Женщина подняла голову, повязанную платком, прятавшим волосы, и он увидел потемневшее от солнца лицо, покрытое преждевременными морщинами; она взглянула на чужака и снова склонилась над фиолетовой гроздью. «Для них я всего лишь чужак, попавший сюда с континента», — подумал мужчина и направился к своей бескрылой мельнице, сараю и колодцу, что на самом краю поселка.
Но как-то утром, когда в молочной лавке нагрузили полную телегу проволочных ящиков и шум вдруг умолк, чужак снова заговорил о корове. Сын лавочника засмеялся, потом протянул ему полную кружку молока и воскликнул: «Но это совсем не корова! — Он махнул рукой в направлении островной косы. — Это бакен. Там поставлен бакен, потому что место опасное. И когда ветер с той стороны, бакен слышно. Так что это не корова». И он принялся разливать молоко для продажи, посмеиваясь над этим человеком — «месье Андре», как он его называл, который никогда не ходил с рыбаками на лодке и не знал про бакен.
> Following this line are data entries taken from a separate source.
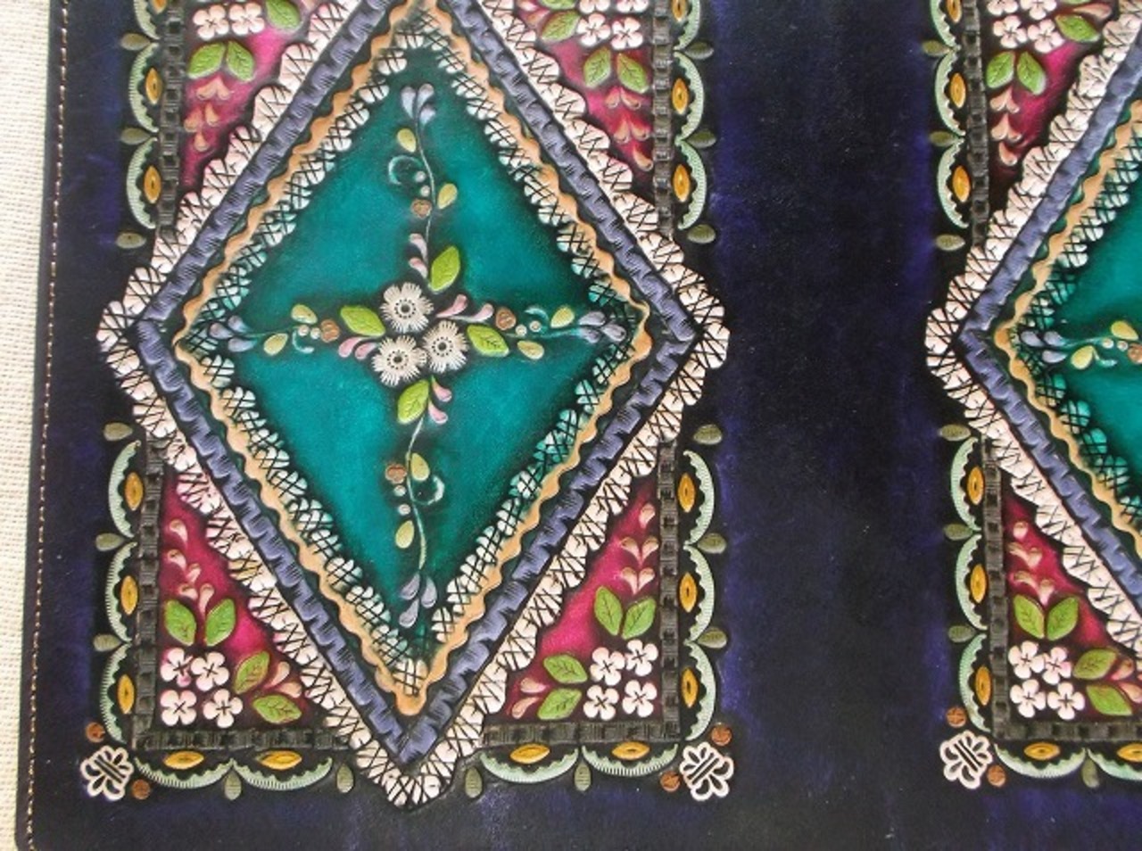 表装には、刻印を排列したのちに拭き染めで自家染色を施しています。
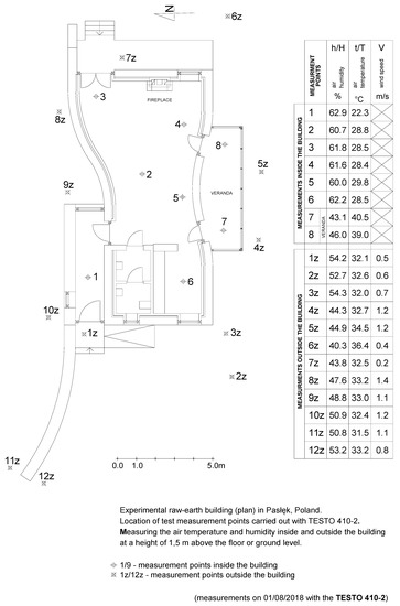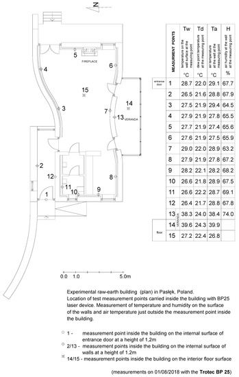 Plan of the experimental raw-earth building in Pasłęk with the placement of measurement points carried inside and outside the building with TESTO 410-2.
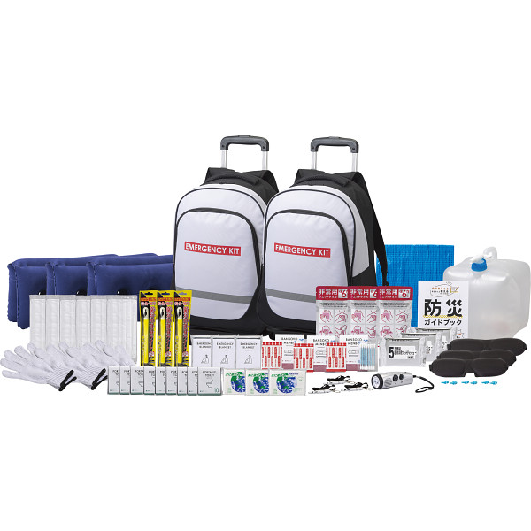 内容:LEDラジオライト(AM/FMラジオ・LEDライト・サイレン&点滅灯機能・単4電池3本使用(付属))・ブルーシート・ウォータータンク(10l)・防災ガイドブック×各1、キャリー付防災リュック×2、非常用ウェットタオル・エアークッション・ウェットティッシュ(5年保存)・静音アルミブランケット・非常用呼子笛(IDカード付き)・軍手・防災用簡易ライト・水に流せるポケットティッシュ・絆創膏/綿棒セット(絆創膏×2枚・一般医療機器製造販売届出番号:15B3X10004000001・綿棒×10本)・アイマスク・耳栓×各3、使い捨てマスク×6、携帯トイレ(1回分)×9
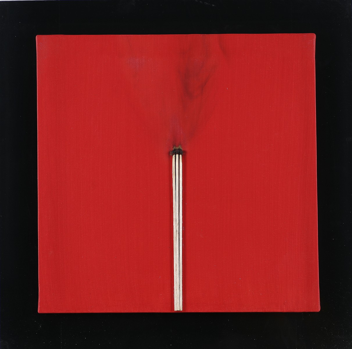 AUBERTIN BERNARD (n. 1934) Dessin de feu. 2010. Fiammiferi bruciati su tela. Cm 35,00 x 35,00. In teca di plexiglass. Al retro firma. Autentica dell'artista su fotografia. Cornice presente
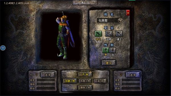 首次进入就是角色创建界面,随机选择或输入昵称。当昵称符合规范且未被他人注册时,才可以使用。可以选择职业和性别,点击“提交”开始游戏:
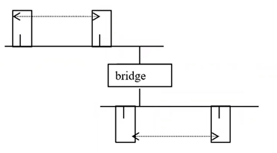 - 두 링크를 브릿지로 연결한다. 만약 위에 링크에 출발 노드와 도착 노드가 존재하면 브리지는 아래 링크와 연결을 막는다. 이를 filtering이라고 한다. 반대로 위에 노드에서 아래 노드로 전달될때는 링크를 연결한다. 이렇게 repeater보다 더 똑똑하게 switch기능을 수행한다.
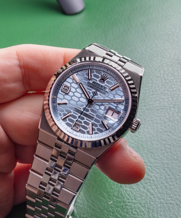 The problem is the sheer brutalist approach to the design and the seemingly unnecessary (or rather, unharmonious) use of the honeycomb-style dial texture. This texture is a call-out to some previous Rolex watch dials, and it is a good idea that Rolex didn’t just offer a flat-polished face. But the Land-Dweller’s face doesn’t look fresh or particularly pretty; it lacks both novelty and elegance, something consumers like to pay for in a luxury timepiece. Rolex can’t be accused of doing the Land-Dweller dial wrong, but it certainly could have made it look more attractive. The models with diamond hour markers are a bit nicer, but overall, the honeycomb dial leaves me cold (it reminds me of a hex-based game board) and with the belief that Rolex will probably keep working on this part of the Land-Dweller product family similar to how it refined models like the Sky-Dweller over time.
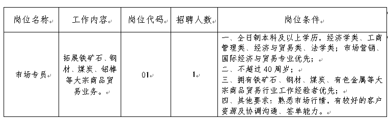 銅陵市建投商貿(mào)有限責(zé)任公司于2018年4月26日注冊成立,為銅陵市國有企業(yè)?,F(xiàn)因業(yè)務(wù)發(fā)展需要,面向社會招聘勞務(wù)派遣工作人員1名。具體事項公告如下:
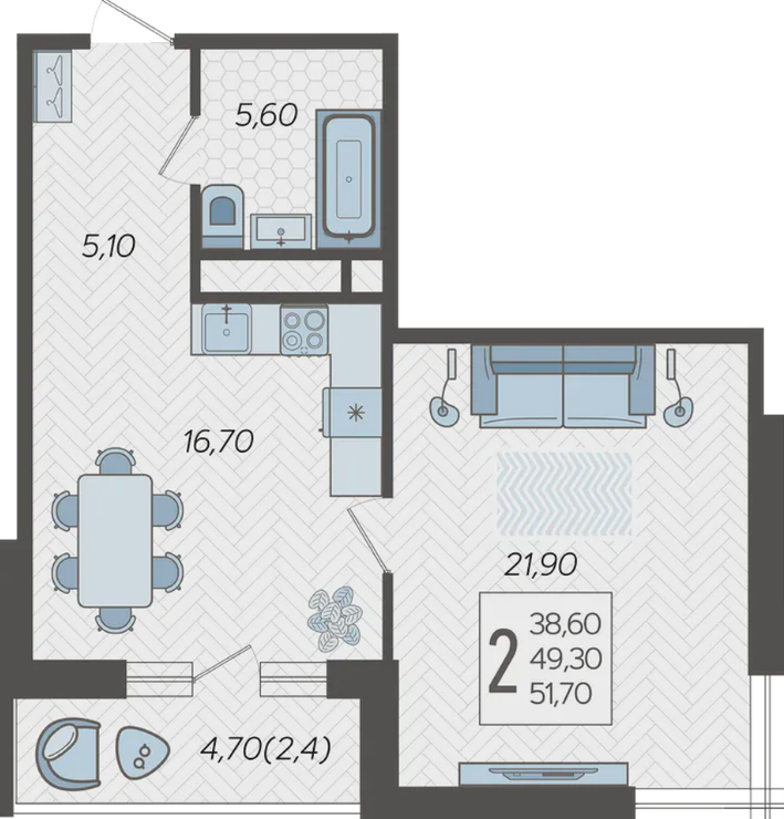 Продается однокомнатная новостройка, 51.7 кв.м., 10/16 эт
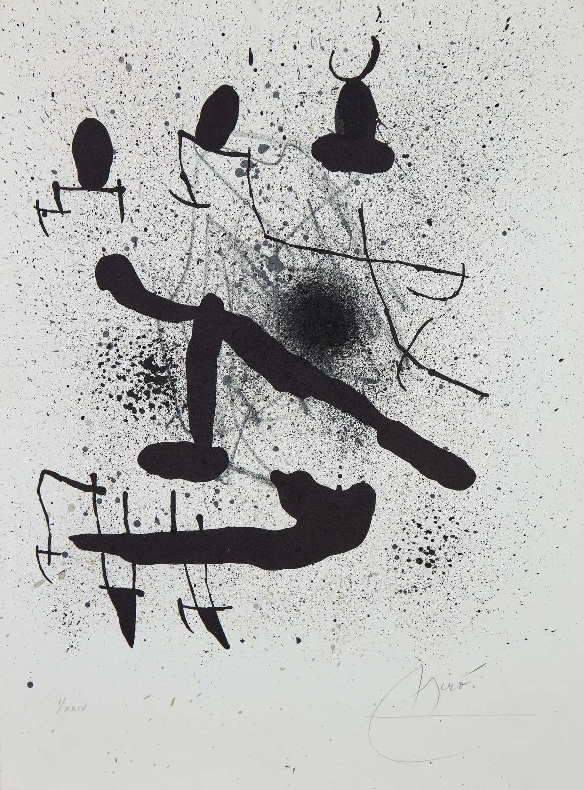 MIRO' JOAN (1893 - 1983) Libertà di Libertà. 1971. Litografia. Cm 35,00 x 47,00. I/XXIV. Tiratura e firma in basso a matita. Grafica proveniente dal volume Poesie di Alain Jouffroy . Edizione totale: XXIV Esemplari su carta Arches numerati da I a XXIV + 125 esemplari numerati da 1 a 125 su carta Arches. Editore: Le Soleil noir, Parigi. Stampatore: Arte Adrien Maeght, Parigi
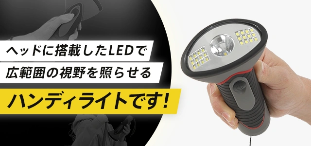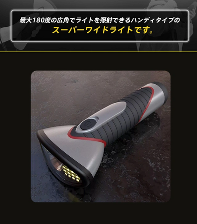 最大180度の広角でライトを照射できるハンディタイプのスーパーワイドライト
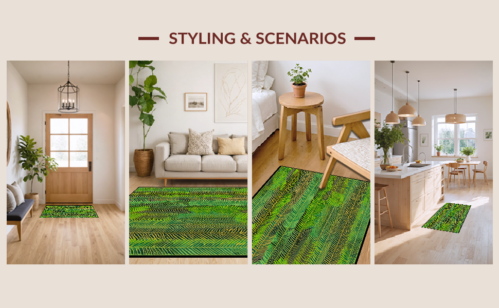Ultra Soft Area Rug, Non Slip, Stain Resistant, Washable Area Rugs for Living Room, Bedroom, Elegant Soft-Hued Geometric Print(Green) Overview:
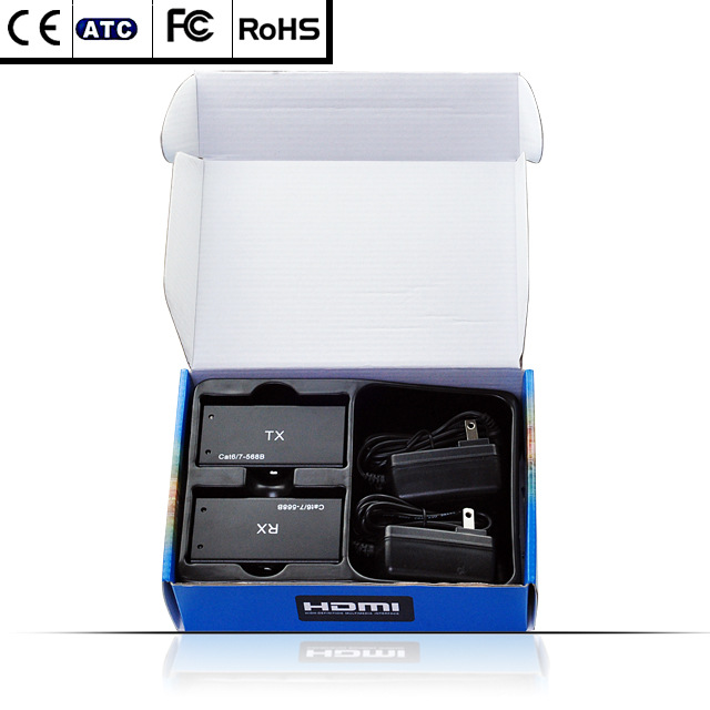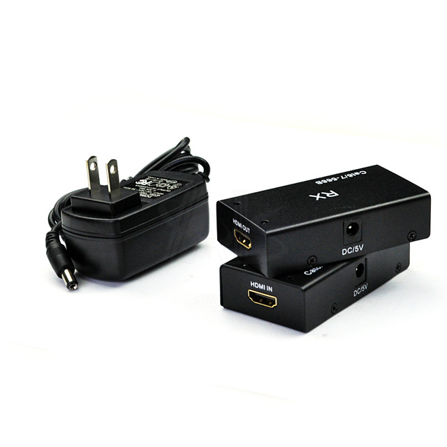 这款HDMI转网线延长器通过一根CAT5e或者CAT6线(推荐使用)替代HDMI线,将HDMI信号延长传输至60米以上,并且画质保持1080P。延长器的目的就是为了以低成本的线材来实现长距离的高清信号传输。
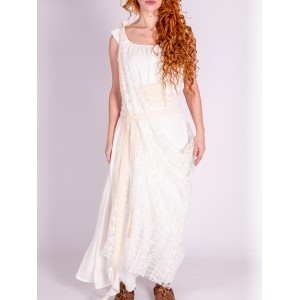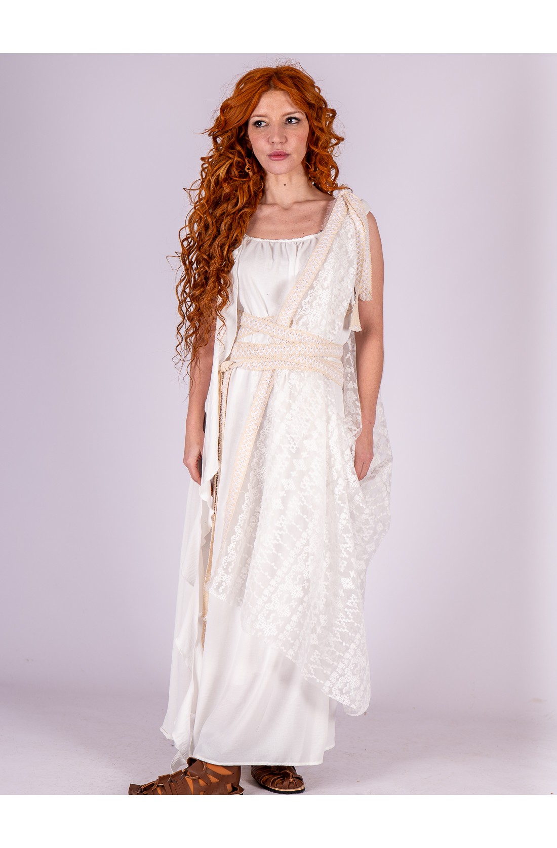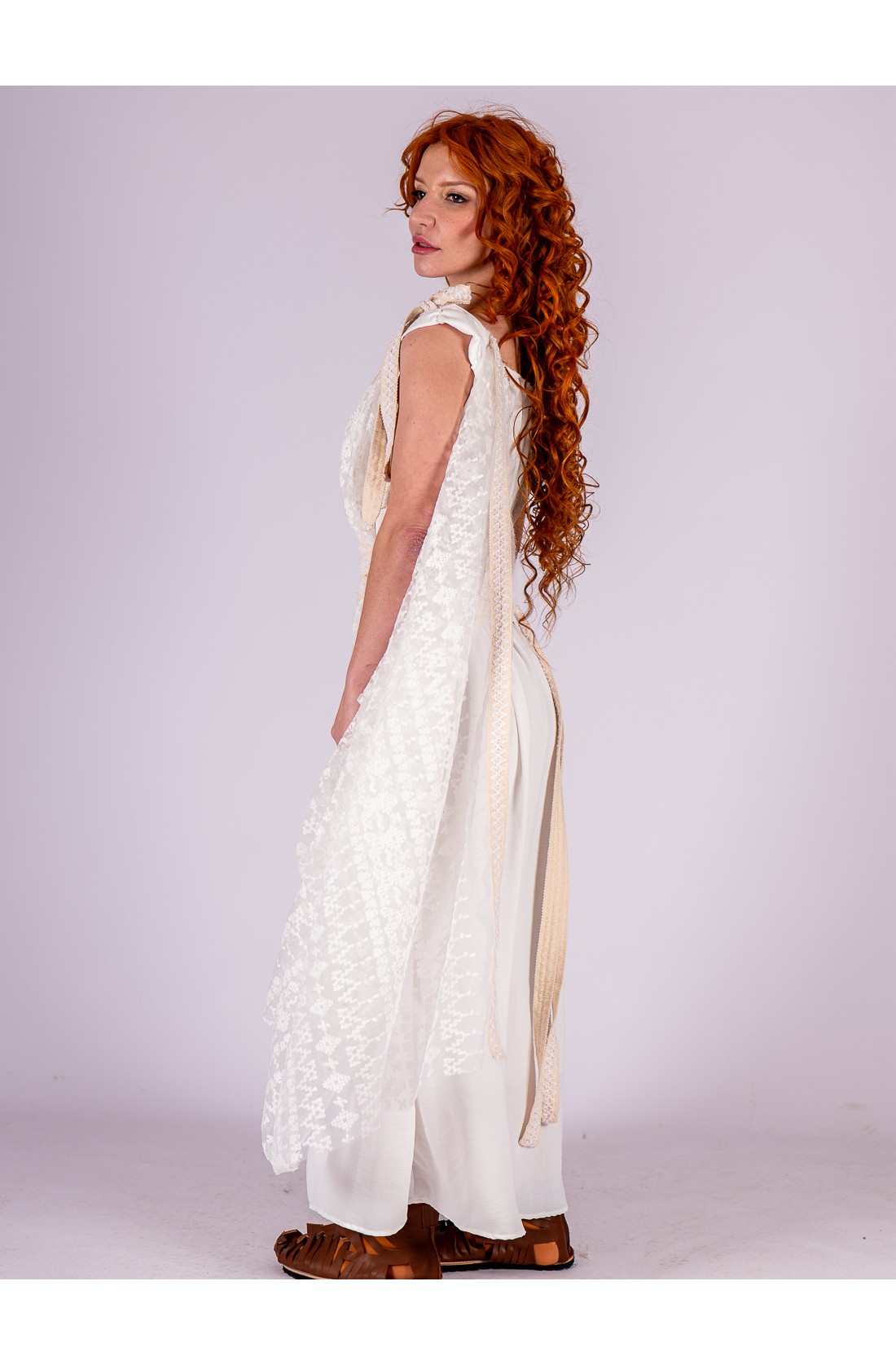 Vestido romano blanco con manto de encaje geométrico
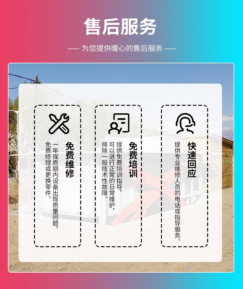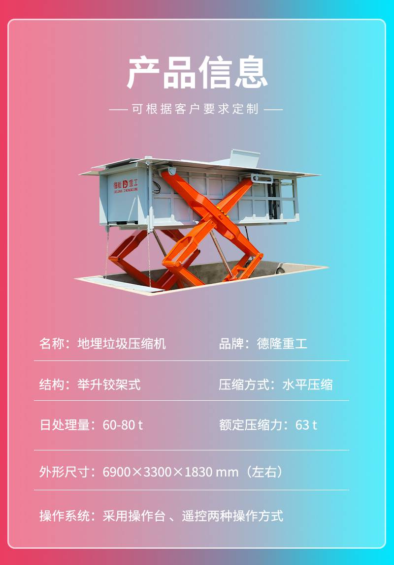 地埋式水平压缩垃圾中转站做好基坑之后,在基坑旁边设置带电源控制柜,电缆采用电压380V,电缆尺寸为3×10立方+2×4立方,预留1米左右的电缆接头,并用电工胶带包牢固。
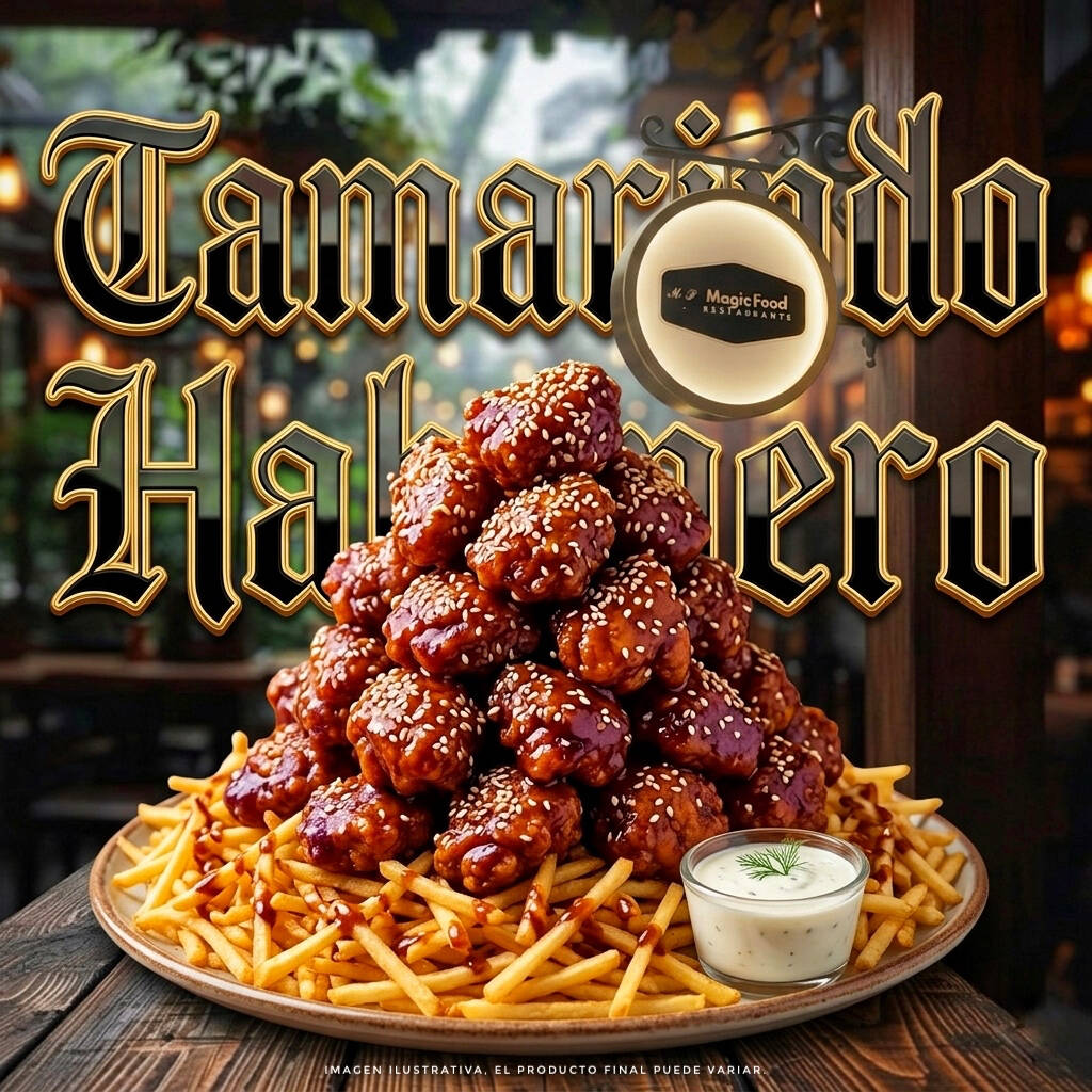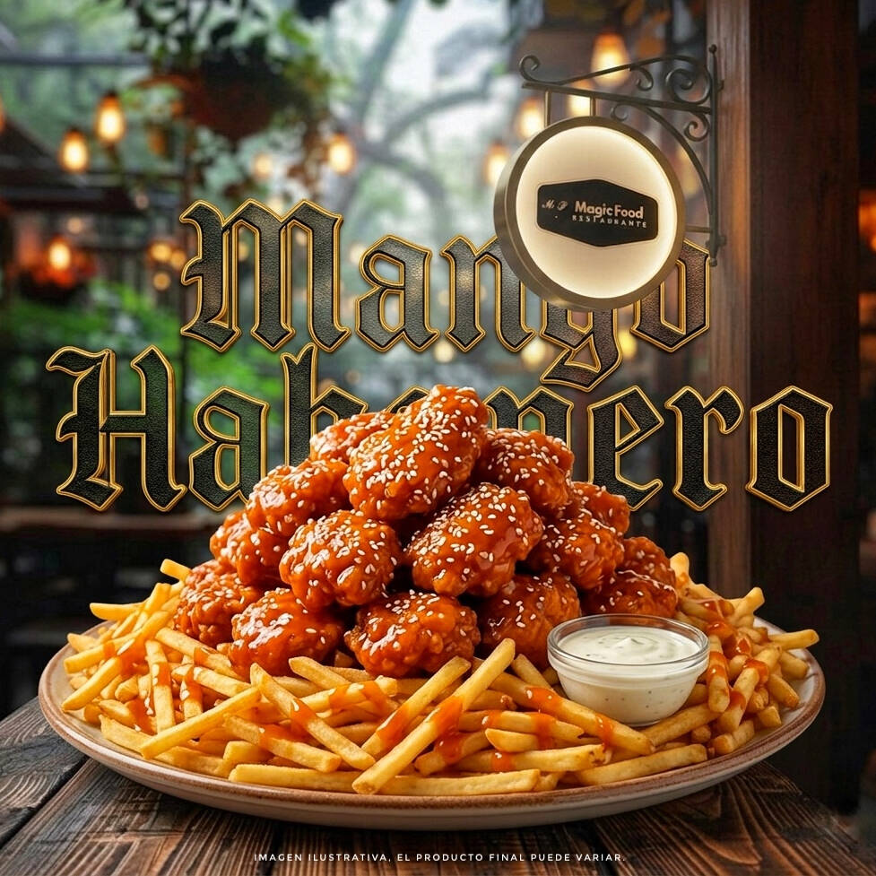 Deliciosos Boneless cubiertos de Salsa Mango Habanero (ajonjolí opcional)
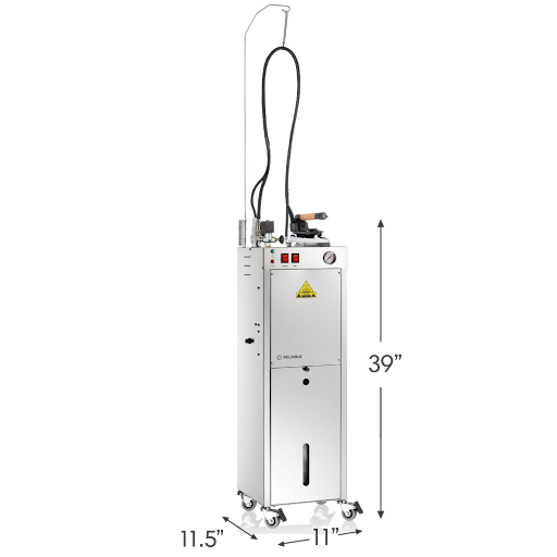 The 9000BU automatic steam boiler is part of a new generation of highly flexible, professional, Made in Italy steam iron stations. Its raison d’être is its ability to go from an external direct water feed to an internal water supply with the provided 5L water container with the turn of a lever inside the unit. Everything else you expect from a Reliable steam cleaner is included: a heavy-duty contactor switch and a blowdown valve to help maintain its life and performance.Paired with the 4100IR steam iron featuring our patented ISO™ Steam Technology, the 9000BU/4100IR delivers ultra-dry steam through a 30-chamber soleplate designed to deeply penetrate fabric for flawless, crisp finishes—every time. The 9000BU is for those who demand the very best performance but don’t require more than 4.5L capacity.

Летом людей с континента здесь еще принимали, продавая им втридорога раковины, клубнику или вино, но не любили их. Однако крестьяне не мешали месье Андре беспрепятственно ходить по всему острову, а мальчишки, забравшись на пузатые бочки, стоящие в ряд около церкви, уже не умолкали при его появлении. Иногда они шли за чужаком до самой мельницы, усаживались на ограде, окружавшей двор, и рассказывали разные истории о своей деревне, а чаще говорили об урожае винограда и креветках, приносимых сентябрьским приливом. Месье Андре едва поддерживал разговор, и дети понемногу расходились, шаркая ногами и поддавая камешки, летевшие в податливые заросли крапивы.
Он был не очень-то разговорчив, этот чужак, и они ничего не знали о нем. Он купил старую мельницу за деревней, где иногда прятались влюбленные парочки, но рабочих не нанял, ни в Ла Рошели, ни где-либо в округе. Он приобрел мельницу и жил там в полном одиночестве. От водителя автобуса люди знали, что он купил ставни, задвижки и шпингалеты в Сан-Мартине; что старьевщик доставил мебель, а больше не знали ничего. Ему никто не писал писем, это подтверждал почтальон. Болтали, что он беглый преступник, поскольку каждый год из крепости сбегал какой-нибудь заключенный. Шло время. Теперь неподалеку от домиков крестьян ярко выделялась побеленная известью мельница с зелеными ставнями, такими же, как в других домах, а когда крестьяне говорили о месье Андре, то, пожимая плечами, довольствовались одной фразой: «Он безобидный».
Но месье Андре не был безобидным. Разве что для других, но не для себя. Это была старая история! Ему не было еще и пяти лет, как он остался без матери, с отцом, который им не интересовался. У него появилась мачеха, маленький брат, и для Андре был уготован пансион. В пансионе он почувствовал, что его никто не понимает. Все попытки с кем-то сблизиться ни к чему не привели. Он говорил себе, что во всем виноват он сам, и страдал от этого. Одиночество было ему невыносимо, ведь не он его выбирал.